Bei den schwersten Zwischenfällen seit Tagen seien auch neun Soldaten verletzt worden, sagte der Armee-Sprecher weiter. Die Orte Pesky und Awdiiwka seien angegriffen worden. Seit Montagnachmittag werde eine Intensivierung der Truppenbewegungen der Separatisten beobachtet. Nato-Generalsekretär Jens Stoltenberg sieht jedoch das Minkser Waffenstillstandsabkommen nicht aufgekündigt. Trotz der „Vorfälle“ werde die Waffenruhe unterm Strich eingehalten, erklärte er in Brüssel. Er mahnte eine stärkere Rolle der Organisation für Sicherheit und Zusammenarbeit in Europa (OSZE) bei der Überwachung der Waffenruhe an. In dem Konflikt im Osten der Ukraine sind etwa 6000 Menschen ums Leben gekommen.

Während eines Japan-Besuchs forderte Klimkin, die Ukraine müsse die volle Souveränität über die Krim zurückerlangen. Zudem sei eine vollständige Schließung der Grenze zu Russland nötig, um den bewaffneten Konflikt mit prorussischen Separatisten im Osten der Ukraine endgültig beilegen zu können.

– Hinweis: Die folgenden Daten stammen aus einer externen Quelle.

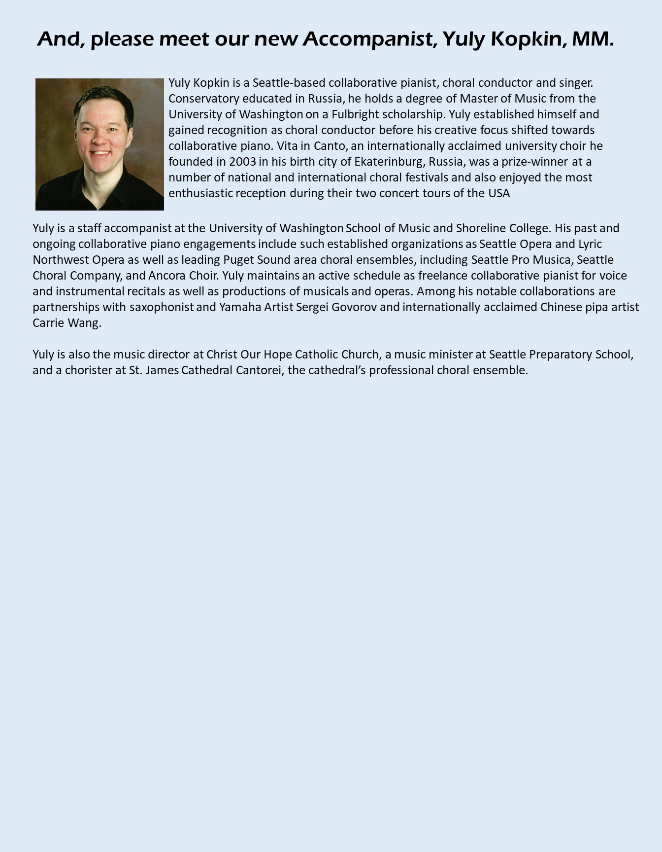 We are so fortunate to have skilled, talented, and dedicated people working with the choir.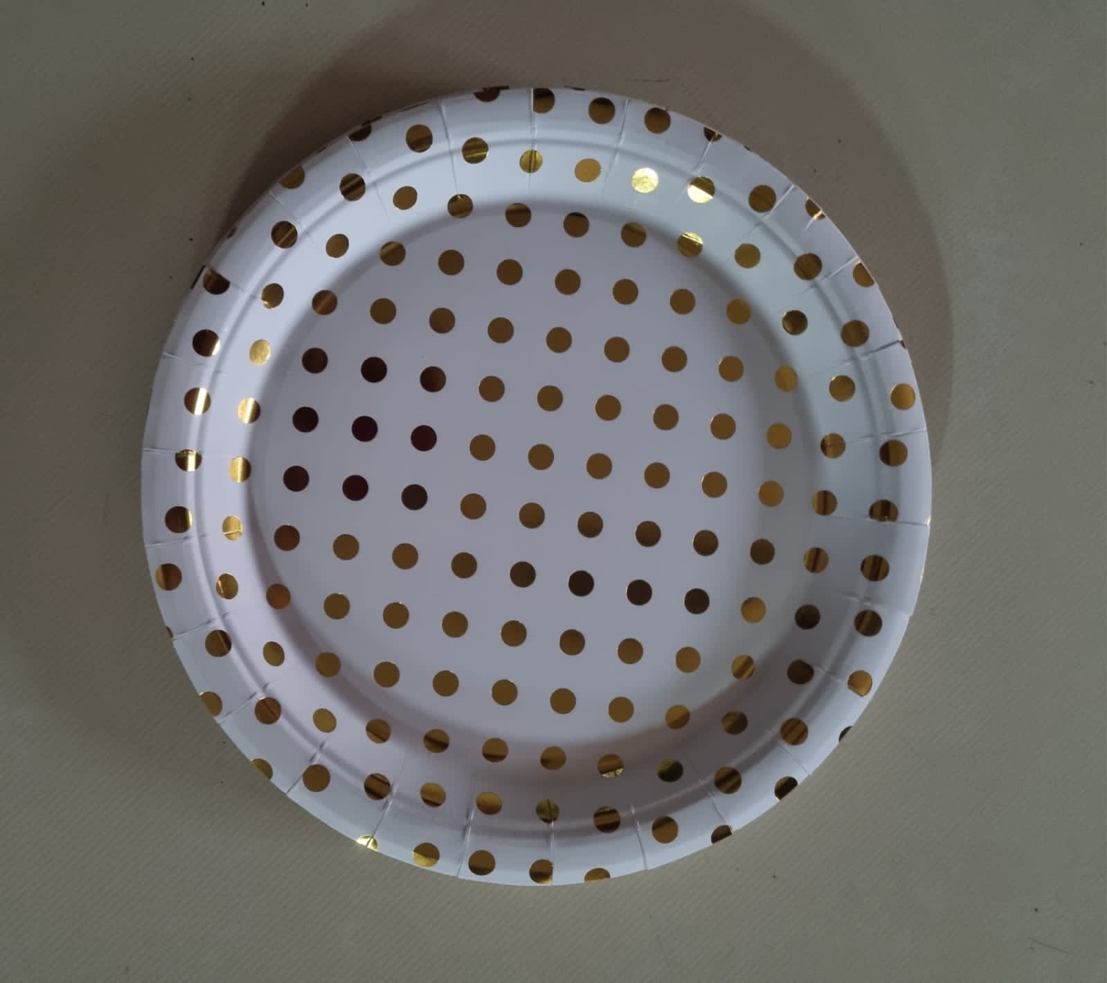 White and gold polka dot plates big, 9 inch. 10 Paper plates per pack. Great for cake or snack serving. Perfect to add a touch of elegance to your cake or snack table.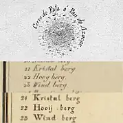 The hill has had various names throughout the years. In Spanish, it was called Cerro de Paja ó Pan de Azucar, meaning "hill of straw", "sugar bread", or "sugarloaf".[5][6] Sugarloaf refers to refined sugar shaped into a tall conical form, which was sold before the 1900s. Hooiberg is one of several formations named after Cerro Pan de Azucar (such as Pan de Azucar Island in the Philippines or Sugarloaf Mountain in Brazil). The Dutch gave it their own name, and the spelling of Hooiberg has changed over time, appearing as Hooy berg and Hooij-berg.[7][8] The name itself is a combonation of hooi, meaning "hay", and berg, meaning "mountain", "mound" or "pile".[9] The hill is said to resemble a loose haystack or a hay barrack (Dutch barn), which explains the name Hooiberg.[10][11]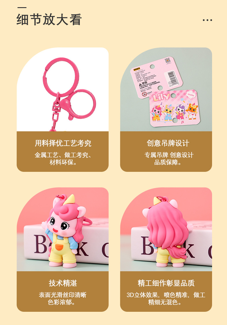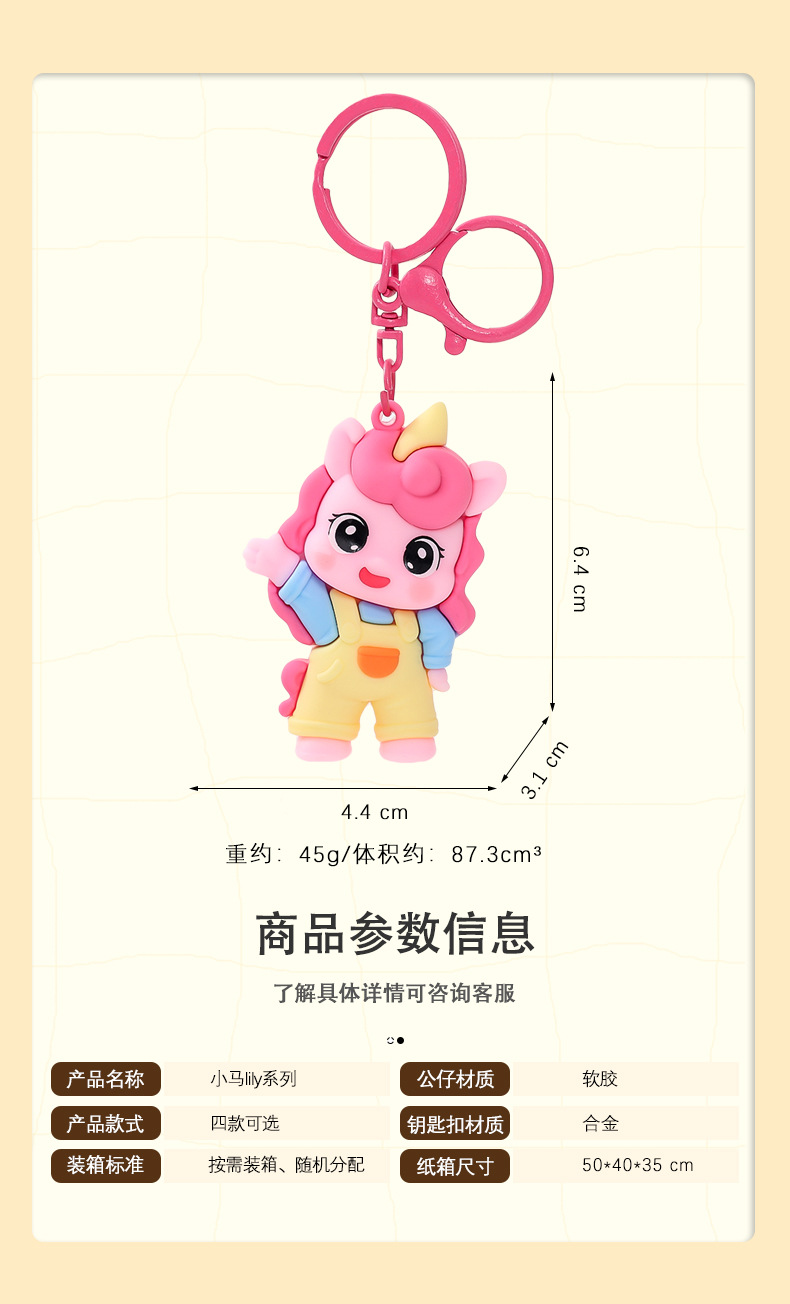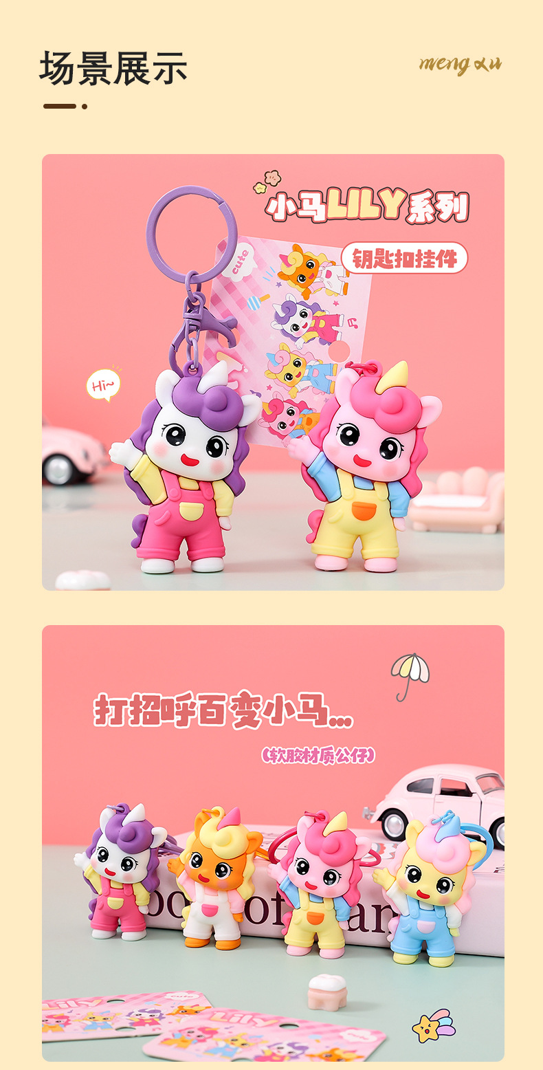 萌叙新款可爱小马lily钥匙扣挂件滴胶公仔精致学生包包挂件小礼品

Trotz der angespannten Beziehungen zwischen den Regierungen in Moskau und Kiew bewegten sich beide Seiten im Gaststreit aufeinander zu. Nachdem sich beide Parteien im Streit um das „Winterpaket“ geeinigt hatten, stellte Russlands Energieminister Alexander Nowak nun auch Entgegenkommen bei den Gaslieferungen ab dem zweiten Quartal in Aussicht. Die Gewährleistung eines Rabattes werde geprüft, sagte Nowak dem Fernsehsender Rossiya 24 und begründete diese Haltung mit dem gesunkenen Gas- und Ölpreis.

Agentur
Reuters 
Thomson Reuters Deutschland GmbH / Nachrichtenagentur

Kommentare zu " Krise in der Ukraine: Die brüchige Waffenruhe"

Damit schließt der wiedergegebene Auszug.